_Given material_:
★ ★ ★ ★
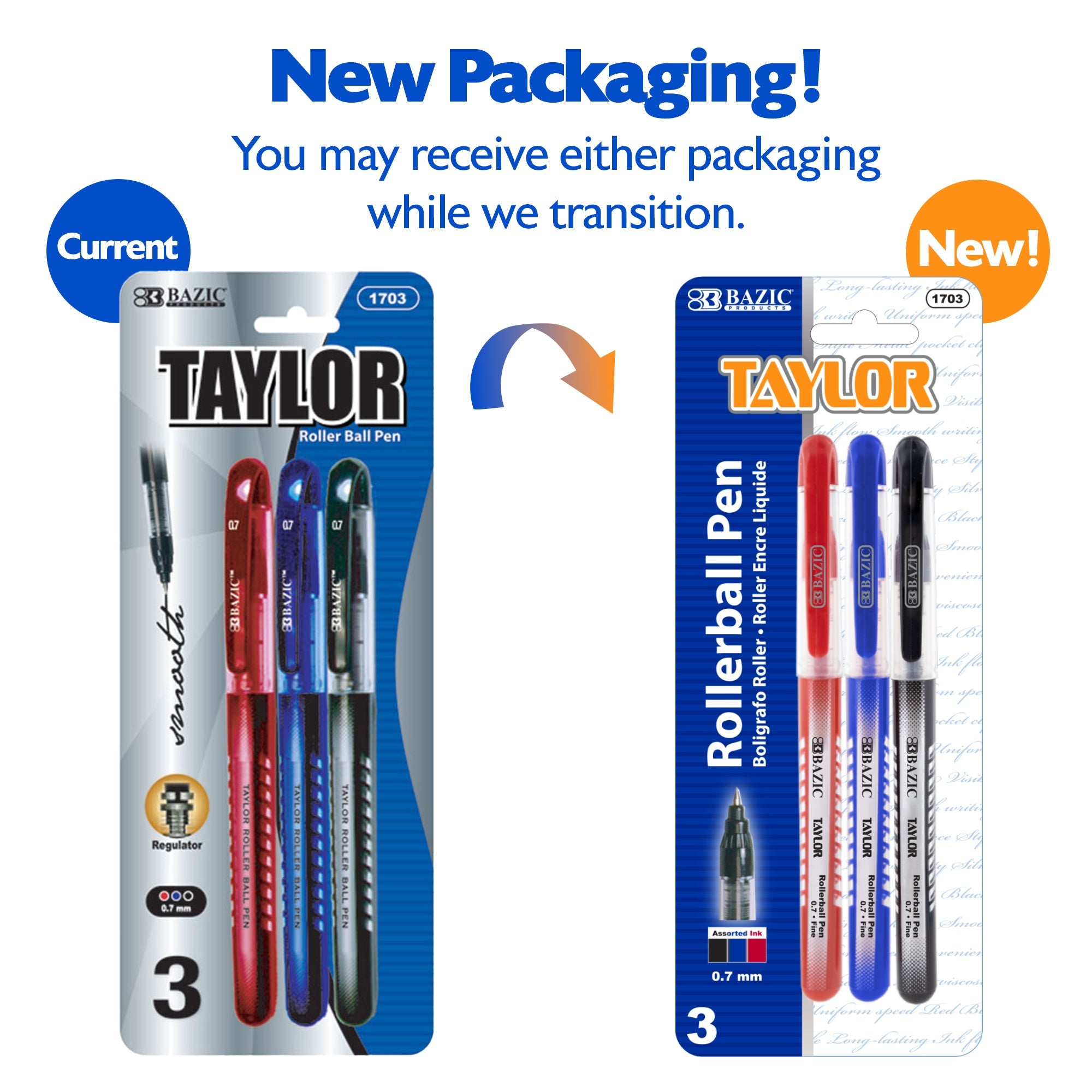 Taylor Assorted Color Rollerball Pen (3/Pack)
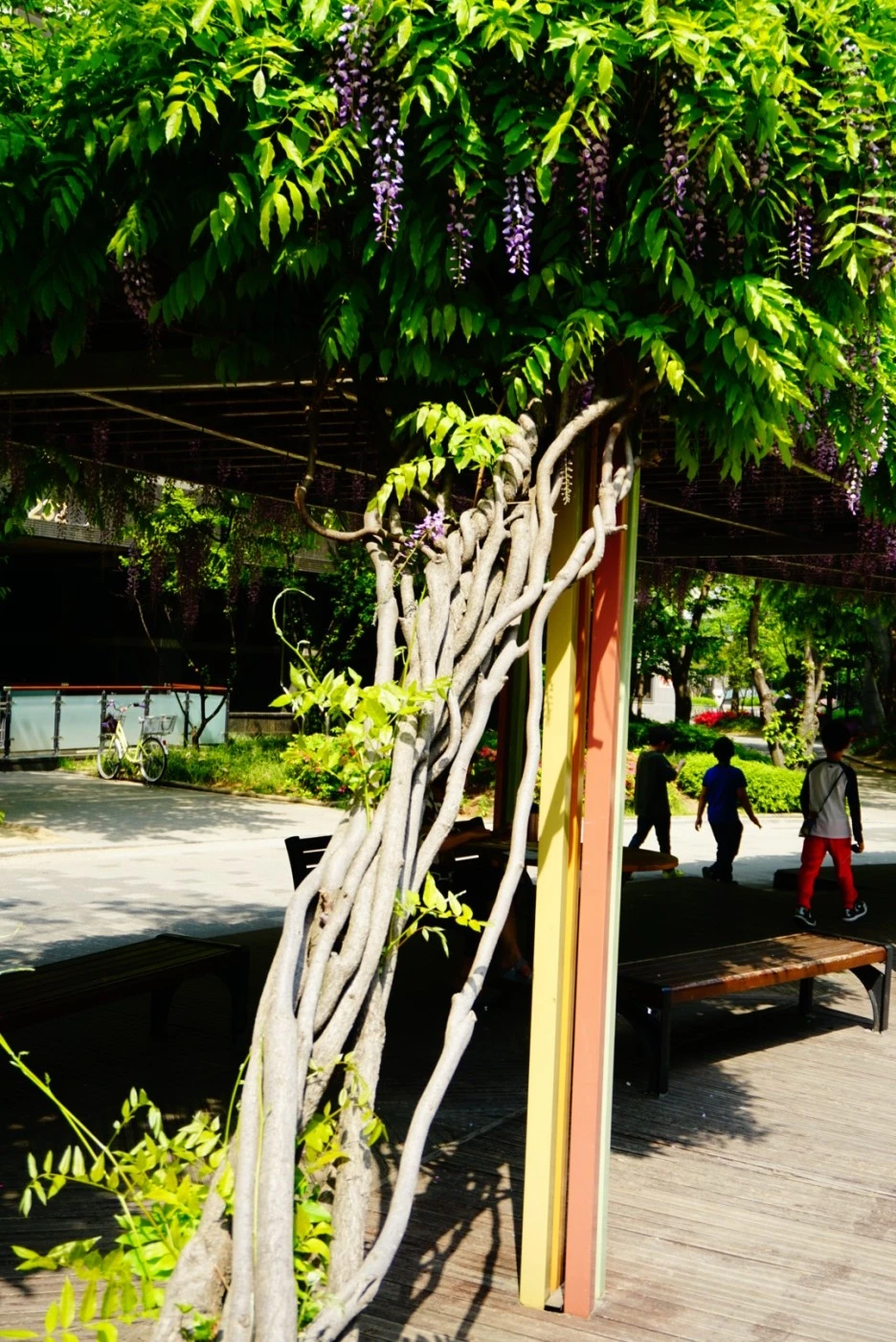 등나무는 화투에도 등장한다. 4월을 지칭하는 '흑싸리'가 등나무다. 아무짝에도 쓸모없는 것을 일컫기도 하지만 더운 날 이만큼 실속 있는 나무도 없다. 예전에는 초여름 무렵 꽃이 피었는데 이제 4,5월이면 꽃이 포도송이처럼 다닥다닥 달린다. 꽃이 지면 무성한 이파리가 발치에 넉넉하고 시원한 그늘을 드리워줌으로써 사람들의 이야기꽃까지 피우게 한다.
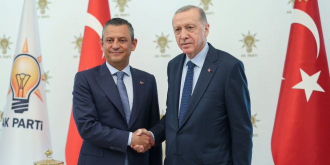 CHP Genel Başkanı Özgür Özel, AKP Genel Merkezi’nde Cumhurbaşkanı Erdoğan ile bir araya geldi. İki liderin gündeminde yeni anayasa tartışmaları, yargı krizi, ekonomik kriz gibi başlıklar yer aldı.
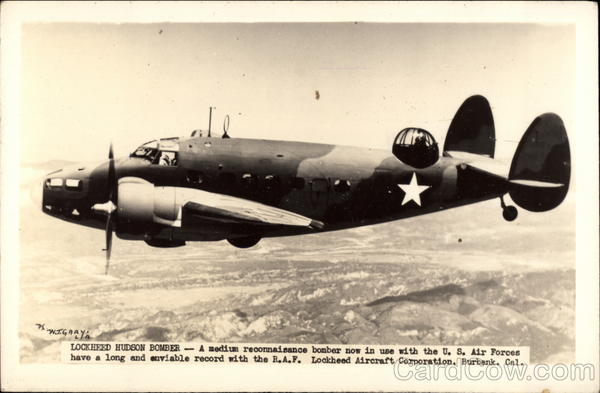 PS LOCKHEED HUDSON BOMBER A medium reconnaisance bomber now in use with the U. S. Air Forces have a long and enviable record with the R.A.F. Lockheed Aircraft Corporation, Burbank, Cal.
★ ★ ★ ★
_Task goal_: When you copy the data, keep every line exact and drop the pictures.

_Exercise response_:
 Taylor Assorted Color Rollerball Pen (3/Pack)
 등나무는 화투에도 등장한다. 4월을 지칭하는 '흑싸리'가 등나무다. 아무짝에도 쓸모없는 것을 일컫기도 하지만 더운 날 이만큼 실속 있는 나무도 없다. 예전에는 초여름 무렵 꽃이 피었는데 이제 4,5월이면 꽃이 포도송이처럼 다닥다닥 달린다. 꽃이 지면 무성한 이파리가 발치에 넉넉하고 시원한 그늘을 드리워줌으로써 사람들의 이야기꽃까지 피우게 한다.
 CHP Genel Başkanı Özgür Özel, AKP Genel Merkezi’nde Cumhurbaşkanı Erdoğan ile bir araya geldi. İki liderin gündeminde yeni anayasa tartışmaları, yargı krizi, ekonomik kriz gibi başlıklar yer aldı.
 PS LOCKHEED HUDSON BOMBER A medium reconnaisance bomber now in use with the U. S. Air Forces have a long and enviable record with the R.A.F. Lockheed Aircraft Corporation, Burbank, Cal.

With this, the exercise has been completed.